Он дует ей навстречу, отчего паутина начинает танцевать. Она уже близко.

За следующим поворотом — глубокая расщелина. Длинная чёрная бездна, где тысячелетняя тьма столь плотная, что свет фонаря чурается её. Уинифред даже не задумывается о том, чтобы повернуть назад, ни на секунду. Это женщина, которая побеждала армии, обманывала смерть и обводила вокруг пальца богов. Во всех мирах есть только две вещи, которых она страшится. Высота не входит в их число.

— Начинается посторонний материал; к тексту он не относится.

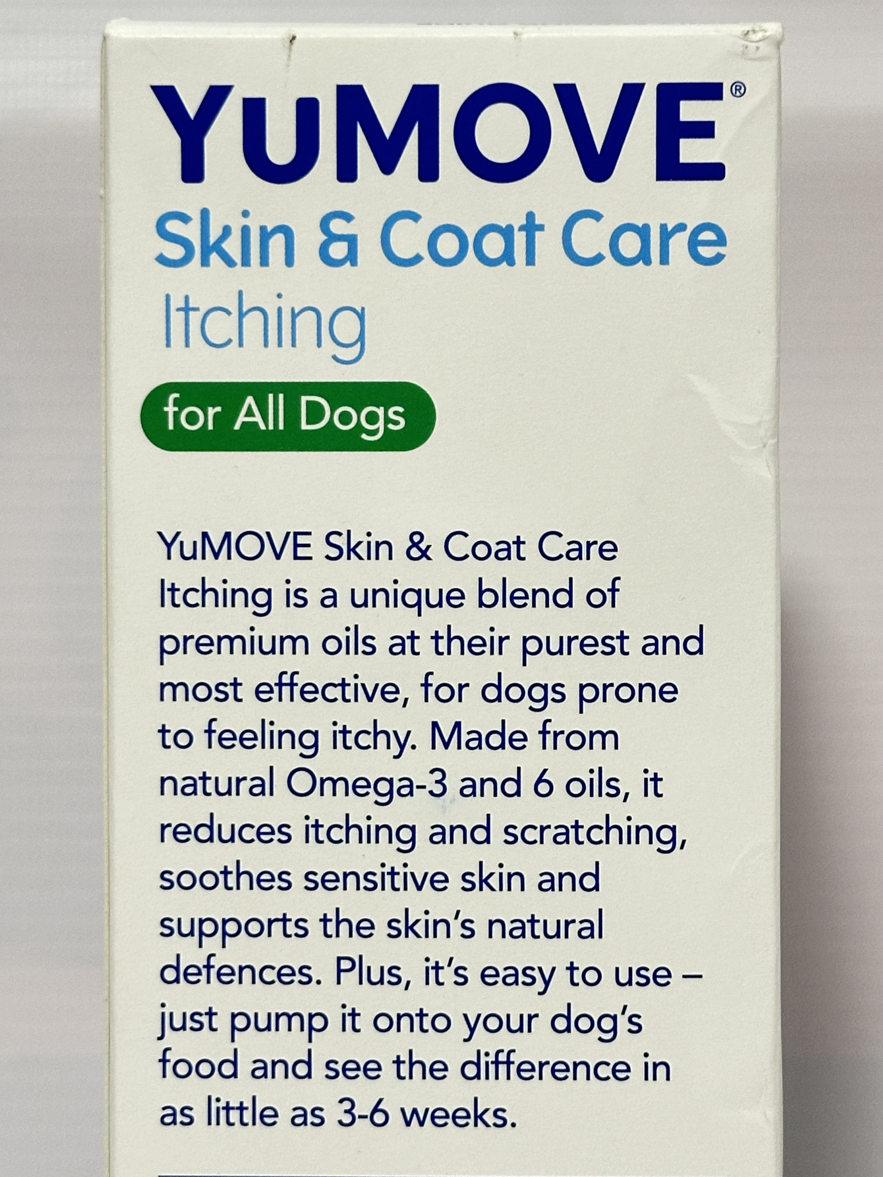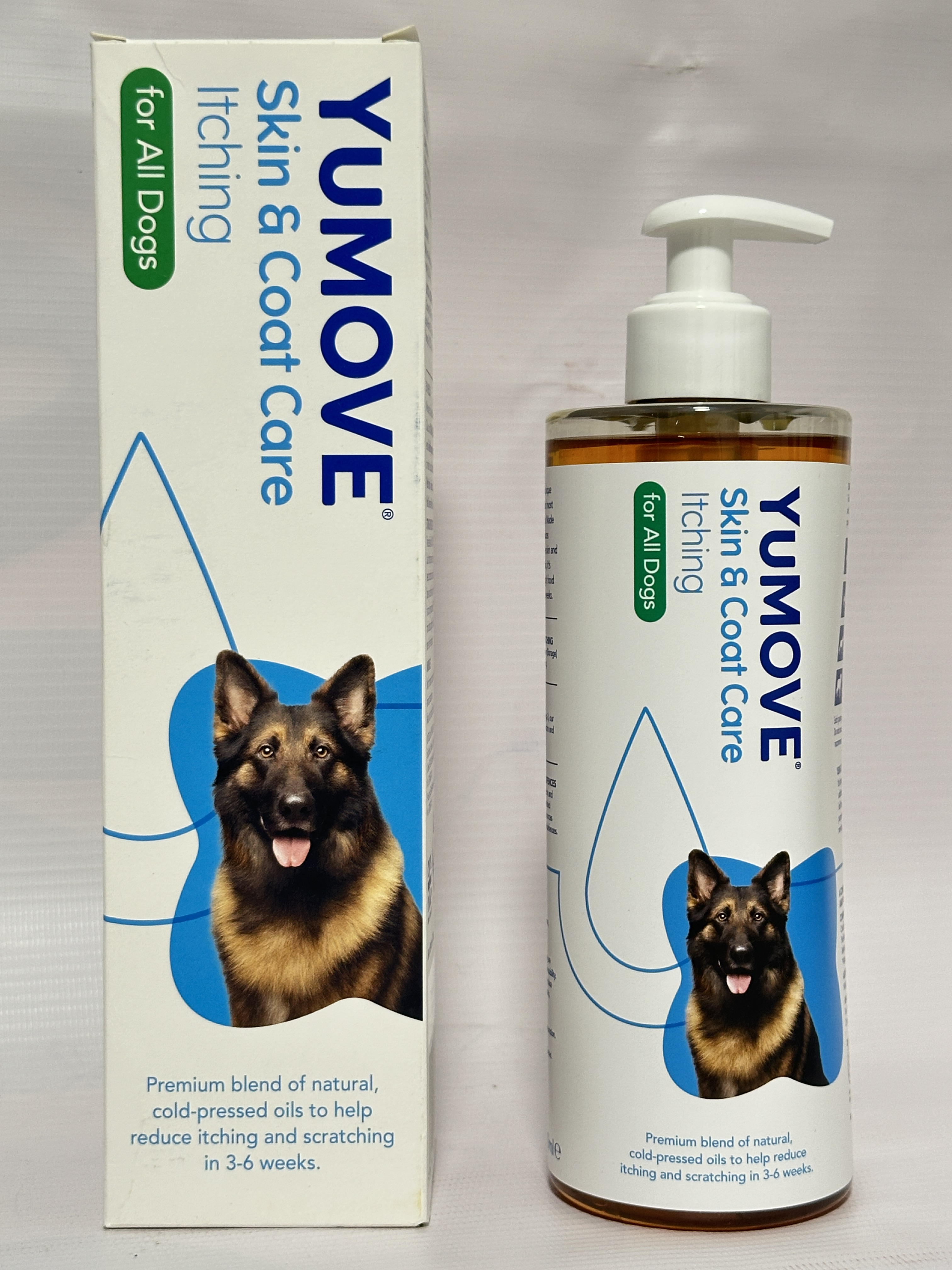 Support your dog’s skin health with YuMOVE Skin & Coat Care Itchy Skin Supplement, specially formulated for dogs with sensitive or irritated skin. This premium blend of cold-pressed natural oils – including golden flaxseed, salmon oil, purified fish oil, borage oil and sunflower oil – is enriched with Vitamin E to help reduce itching, scratching, and soothe sensitive skin. Packed with Omega-3 and Omega-6 fatty acids, this easy-to-use pump formula nourishes your dog’s coat, supports natural skin defences, and promotes overall skin health.

Фонарь висит у неё на поясе, она по краю обходит бездну. Камешек с цоканьем скатывается в расщелину. Темнота поглощает его. Уинифред не слышит, чтобы он достиг дна. Продвигаясь дальше по стене, она смахивает странного паука. Волосатое существо размером с ладонь. Из глубин дуют ветры и кружат вокруг неё, но Уинифред благополучно перебирается на другую сторону. Оглаживает свой багровый плащ. Снисходительно улыбается.

Дальше она идёт ещё осторожнее. Остров Синяя гавань пронизан заброшенными шахтами и туннелями, но именно этот был тайно проложен здесь тысячи лет назад, недоступный для остального мира. Сейчас, на вторую годовщину Ночи всех катастроф — через два года после того, как начались землетрясения, — он открылся.

Она не верит в совпадения. Она знает, что секреты не случайно скрыты от всех.

В конце туннеля есть маленькая комната, высеченная в скале. Золотистый свет льётся на стены из фонаря, когда Уинифред заходит внутрь. Она хмурится. Здесь нет расщелин, нет пауков. На самом деле здесь ничего нет. Комната пуста.

Она оглядывается, ищет, надеется отыскать тайный проход, новую тропу. Неужели кто-то побывал здесь до неё? Вышел из другого туннеля и перелез через расщелину?

Пол абсолютно голый. Никаких следов. Никаких смертельных ловушек, скрытых за камнями. Она пересекает комнату, проводит рукой по задней стене — и здесь находит то, что искала. Маленький полустёртый символ: ржаво-красный, как высохшая кровь. Древний иероглиф. Заключённый в круг треугольник с одной вогнутой вниз стороной, напоминающей парус лодки или волну.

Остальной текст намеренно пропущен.